Concretizando, verifica-se que, tendo o Autor (Manuel) indicado que a Interveniente Principal (Maria), presumida cidadã portuguesa, residiria em França, em morada que igualmente discriminou, foi tentada, directa e oficiosamente, pela secretaria a sua citação por carta registada com aviso de recepção, ao que se crê ao abrigo do disposto no art. 239º, nº 1 do C.P.C. e do art. 14º do Regulamento (CE) nº 1393/2007 do Parlamento Europeu e do Conselho, de 13 de Novembro de 2007 (citação e notificação dos actos judiciais e extrajudiciais em matéria civil e comercial nos Estados-Membros).

Vindo, porém, a dita carta registada com aviso de recepção devolvida com menção de «Non Réclamé» - frustrando desse modo a citação por via postal -, deveria a secretaria, de novo directa e oficiosamente, ter promovido a sua citação por meio do consultado português da sua área de residência, nos termos do art. 239º, nº 2 do C.P.C. (já que não fora dada notícia no processo de que a Interveniente Principal deixara de residir naquela morada).

Contudo, e ao invés de o fazer, abriu conclusão nos autos, tendo o Tribunal a quo proferido despacho, determinando que os mesmos aguardassem «que algo seja requerido sem prejuízo do decurso do prazo de deserção», ao invés de determinar então, ele próprio, a realização da diligência de citação em falta e claramente imposta por lei.
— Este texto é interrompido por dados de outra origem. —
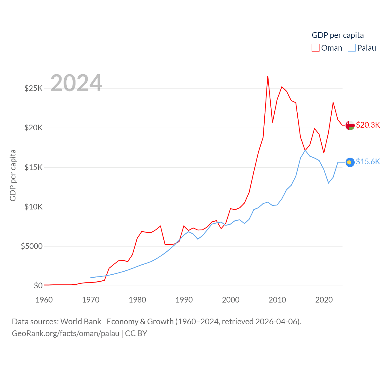 By GDP, Oman ranks 70/197 ($107B) and Palau ranks 194/197 ($277M). By GDP per capita, Oman ranks 57/197 ($20,285), while Palau ranks 67/197 ($15,611).

Foi, assim, omitida a prática de um acto que a lei prescreve, com indiscutível influência no exame ou decisão da causa, e que por isso consubstancia uma nulidade do processado (nº 1, do art. 195º do C.P.C.), que afecta a validade dos seus termos subsequentes, nomeadamente do despacho proferido de imediato à referida omissão (nº 2, do art. 195º citado).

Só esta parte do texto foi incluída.